Lewis Hamilton, laying the machismo of motor racing aside, has revealed his mental fragility even as he closes in on Michael Schumacher’s record of 91 victories.
Triumph here in sun-dappled Monza — the Cathedral of Speed — would leave him just one short of the German’s pinnacle heading into the Tuscan Grand Prix in Mugello next Sunday.
Schumacher is a private man and a sensitive one, but his pride — and perhaps decorum — inhibited him from sharing any of the concerns he carried on his journey to seven championship titles and fame.
This week Lewis Hamilton revealed his mental fragility while discussing his journey to the top
But Hamilton, 35, feels no such qualms and this week bared his soul like never before.
‘There are two sides to me,’ said the Briton, who took his 94th career pole on Saturday with the fastest lap in Formula One history, at an average speed of 164.267mph.
‘First, there is the side you see on TV. The competitive, cut-throat, hungry racer. When the visor is down I come alive, all my fears, insecurities and doubts are cast aside and my focus kicks in and I will not break until the job is done. It feels like I get to have the superpowers I always dreamed of having, but just behind the wheel.
Hamilton says his ‘fears, insecurities and doubts are cast aside’ when he competes
‘Second, there is me. Someone who is figuring life out day by day. Who is trying to find inner peace, manage time, balance work and life, find time for family and friends. Working on managing my emotions and trying to fit in the other things I’m passionate about. Like many of you, I’m trying to do my best in everything.
‘I have a lot of difficult days. Especially in the (Covid) bubble we’re currently in. You get lonely, you miss your friends and family, and with back-to-back race weekends it means there’s not much time for anything but work. So I’m grateful for the ones closest to me for helping me to keep a balance, even if it’s just through text, phone or FaceTime.’
Turning ‘agony uncle’ to his 20 million Instagram followers, he added: ‘It’s never a bad thing to ask for help if you need it, or tell someone how you feel. Showing your vulnerable side doesn’t make you weak. Instead, I like to think of it as a chance to become stronger and better than you were.’
Hamilton is spending most of his time in his motorhome parked up in track car parks as the season pings across Europe at breakneck speed. Sunday’s race, in which he will share the front row of the grid with Mercedes team-mate Valtteri Bottas, is the eighth round in 10 weeks.
The Briton recorded the fastest lap in Formula One history at Monza on Saturday
That scheduling, brought about by Covid-19, and the pressures it brings may explain some of Hamilton’s more shrill, hectoring social media posts, which have included calling out his fellow drivers for failing to demonstrate adequately their anti-racism beliefs. ‘I know who you are and I see you,’ he wrote.

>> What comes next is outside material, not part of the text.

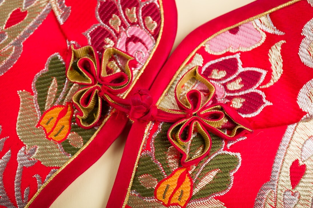 盘扣的花式种类丰富,有模仿动植物的菊花盘扣、梅花扣、金鱼扣、盘结成文字的吉字扣、寿字扣、囍字扣等。也有几何图形的,如一字扣、波形扣、三角形扣等。盘花分裂两边,有对称的,有不对称的。盘花扣的作用在中国服饰的演化中逐改变,它不仅仅有连接衣襟的功能,更称为装饰服装的点睛之笔。生动地表现着服饰重意蕴、重内涵、重主题的装饰趣味,蕴藏着质朴、自然的情愫,蕴含着人们对美好生活的寄托和追求,还具有招福纳祥、传情达意的含义。
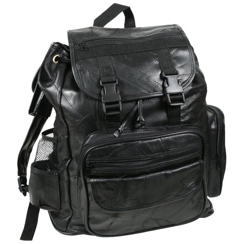 Black Leather Patchwork Backpack is made up of large leather main compartment with lining. Front flap with zipper pouch. Dual buckle and drawstring closure. Front zipper organizer pocket for credit cards and pens. 2 outside pouches. 1 side zipper pocket and 1 side mesh pocket. Adjustable backpack straps with cell phone pouch.

On the track Hamilton has been in command, helped by the Mercedes dominance and Bottas’ lack of zeal. Indeed, the champion admitted only last week when he cruised to victory in Belgium that if he were a fan, he would be bored by the procession and only watch the highlights.
On Saturday Hamilton was seven-hundredths faster than his No2, with McLaren’s Carlos Sainz third best. And as for Hamilton setting the fastest lap ever recorded, Sky’s Paul di Resta seemed underwhelmed. The Scot described the deed as ‘steady’. Like Caravaggio was a decent painter.
Hamilton is enjoying a season of dominance, and yet some observers remain underwhelmed
As for the one-sidedness Hamilton is enjoying this season, it has happened in the past. Jim Clark, Sir Jackie Stewart and, most obviously, Schumacher were in machinery that set them apart.
If only Nico Rosberg were around. Or Red Bull’s Max Verstappen paired with Hamilton, denting his in-cockpit serenity. Then we would be on the edge of our seats, just as we were when Ron Dennis pitted Ayrton Senna and Alain Prost against one another at McLaren.
There was an attempt to slow Mercedes down here on Saturday with a new regulation banning what Hamilton once called ‘party mode’ — a boost that was believed most to help Mercedes in qualifying. Well, that made a lot of difference.
The predictability, no slight on Hamilton’s skills, is a danger to the sport. Mercedes boss Toto Wolff said: ‘One idea I voiced last week was to open up the intercom channels between the pit wall and the garage, which would show how much drama goes on in winning a race. Sport has to deliver entertainment.’